Connecting Ruby on Rails to multiple databases

It’s not dicussed very often, but it is possible to connect a Ruby on Rails app to multiple backend databases. This, paired with the importation of a pre-existing data as outlined in a previous blog post,  is useful in scenarios where your application is required to read data from a shared databases populated by another application.
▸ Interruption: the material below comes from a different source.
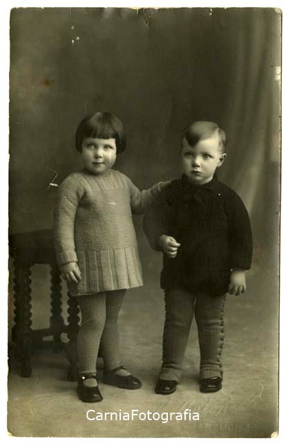 Ritratto in studio dei fratelli Giuseppina e Biagio Valle; questi sono fratelli di Maria Pia Valle (1936), proprietaria della fotografia.

We start off by defining a new database connection in the ../config/database.yml file. For example, say we would like to connect to a database called “asterisk” on the local PC. We would simply append the following:

asteriskDB:
adapter: mysql2
encoding: utf8
database: asterisk
pool: 5
username: root
password: password
socket: /var/lib/mysql/mysql.sock

This defines a connection named asteriskDB. Next we need to instruct rails to use this new connection. In the models folder, create a new file (which I called asterisk_base.rb) and insert the following:

class AsteriskBase < ActiveRecord::Base
self.abstract_class = true
establish_connection “asteriskDB”
end

The above code defines a new class (AsteriskBase) which inherits from ActiveRecord::Base as other models do. The second line allows you to re-use this class as a parent to other classes. Any child class making use of this inheritance will automatically get the property defined in the third line (establish_connection “asteriskDB”), which points your model to the asteriskDB connection previously defined in database.yml. So we are now free to define additional model classes which use this second database. For example, to use the table “trunks” for the asterisk database, we would create a file “trunks.rb” in the models folder, and insert the following:

class Trunks < AsteriskBase
end

It’s a very simple model class definition, with the essential difference that it inherits “AsteriskBase” rather than the usual ActiveRecord::Base. You can then use the model in the usual ways the Active Record allows you.

One thing you may run across in such a scenario is that the two (or more) database that you are using, contain tables with the same name, and you need to use both these tables. The conventional advice is to use namespaces, however this method didn’t quite work for me, so I ended up avoiding namespaces completely and instead using the set_table_name property to define a different class name and instructing rails to avoid using it’s normal rules of determining the table name via the class name and explicitly stating the table name:

class Trunks2 < AsteriskBase

set_table_name “trunks”

end

Note, the set_table_name has been deprecated in favor of self.table_name:

class Trunks2 < AsteriskBase

self.table_name = “trunks”

end

Another note… sometime Rails’ naming convention can be frustrating. When dealing with the above scenario, to give a concrete example, I wanted to define the following in a controller:

def listAsteriskTrunks
@asteriskTrunks=AsteriskTrunks.all
end

AsteriskTrunks was a model which is pointing to a second database as outlined in the post. However, Rails would return “uninitialized constant”. Clearly it couldnt find the corresponding model file. The correct model file name turned out to be “asterisk_trunks.rb“. Note how the name of the file and the class called in the controller are similar, but the filename is all lowercase and separated by and underscore.